Parliament of Australia
- Long title An Act to provide for National Service in the Defence Force, and for other purposes. ;
- Citation: No. 2 of 1951
- Territorial extent: States and territories of Australia
- Assented to: 17 March 1951
- Repealed: 30 June 1992

Amended by
- National Service Act 1964

= National Service Act 1951 =

Repealed Australian legislation

The National Service Act 1951 is a repealed act of the Parliament of the Commonwealth of Australia. It provided for the compulsory call-up of males turning 18 on or after 1 November 1950, for service training of 176 days. Trainees were required to remain on the Reserve of the Commonwealth Military Forces (CMF) for five years from initial call up.
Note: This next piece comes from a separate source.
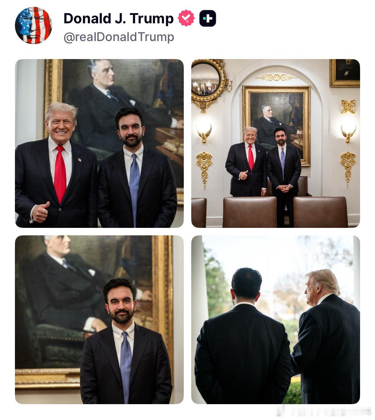 川普总统与纽约当选市长曼达尼的会面效果不错,川普总统随后贴出了两人的会面合影。我个人感觉,对于这个34岁的菜鸟,川普总统是有机会影响他的部分决策的。
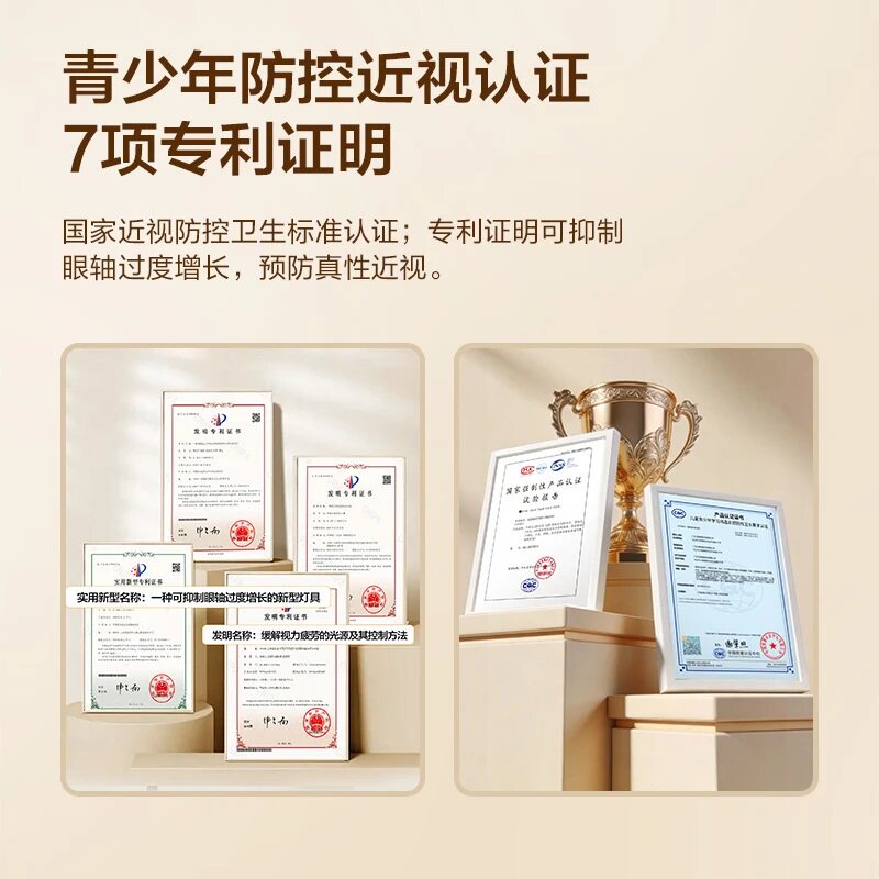 海尔天沐防近视护眼灯Z5是一款专为学生儿童设计的台式桌面学习台灯,融合先进护眼科技与人性化设计。采用全光谱LED光源,模拟自然光,显色指数高达Ra95以上,有效减少蓝光危害,缓解用眼疲劳。配备大尺寸发光面板,光线均匀覆盖整个桌面,避免明暗交替造成的视觉压力。支持多档色温与亮度调节,满足不同学习场景需求。内置智能感光系统,可自动调节光线强度,守护孩子视力健康。灯臂多角度调节,灵活适配各种学习姿势。通过国家AA级照度标准及多项护眼认证,是孩子阅读、写作业的理想照明伙伴,助力健康成长。

Men could nominate the service in which they wished to be trained. Those nominating the Navy or the Air Force were considered only if they volunteered for service outside Australia. The first call-up notice was issued on 12 April 1951.

== Background ==
In the midst of communist insurgencies around Southeast Asia and the start of the Korean War, the Menzies Government introduced this act to parliament. Additionally, the 1951 Australian Communist Party ban referendum was held as fear of Communism reached fever pitch in Australia.

== Amendments ==
The act was amended multiple times. The notable listing includes:

- National Service Act (No. 2) 1951
- National Service Act 1953
- National Service Acts 1957
- National Service Act 1964
- National Service Act 1965
- National Service Act 1968
- National Service Act 1971

== Legacy ==
Between 1951 and 1959, over 500,000 men registered, 52 intakes were organised and some 227,000 men were trained.

In 1957, National Service with the Navy and the Air Force was discontinued. Registration remained compulsory but the intake to the Army was cut to almost a third (12,000 trainees) by instituting a ballot for selection. On 24 November 1959, Cabinet decided that National Service call-ups should be terminated and that arrangements for the January 1960 intake would be cancelled.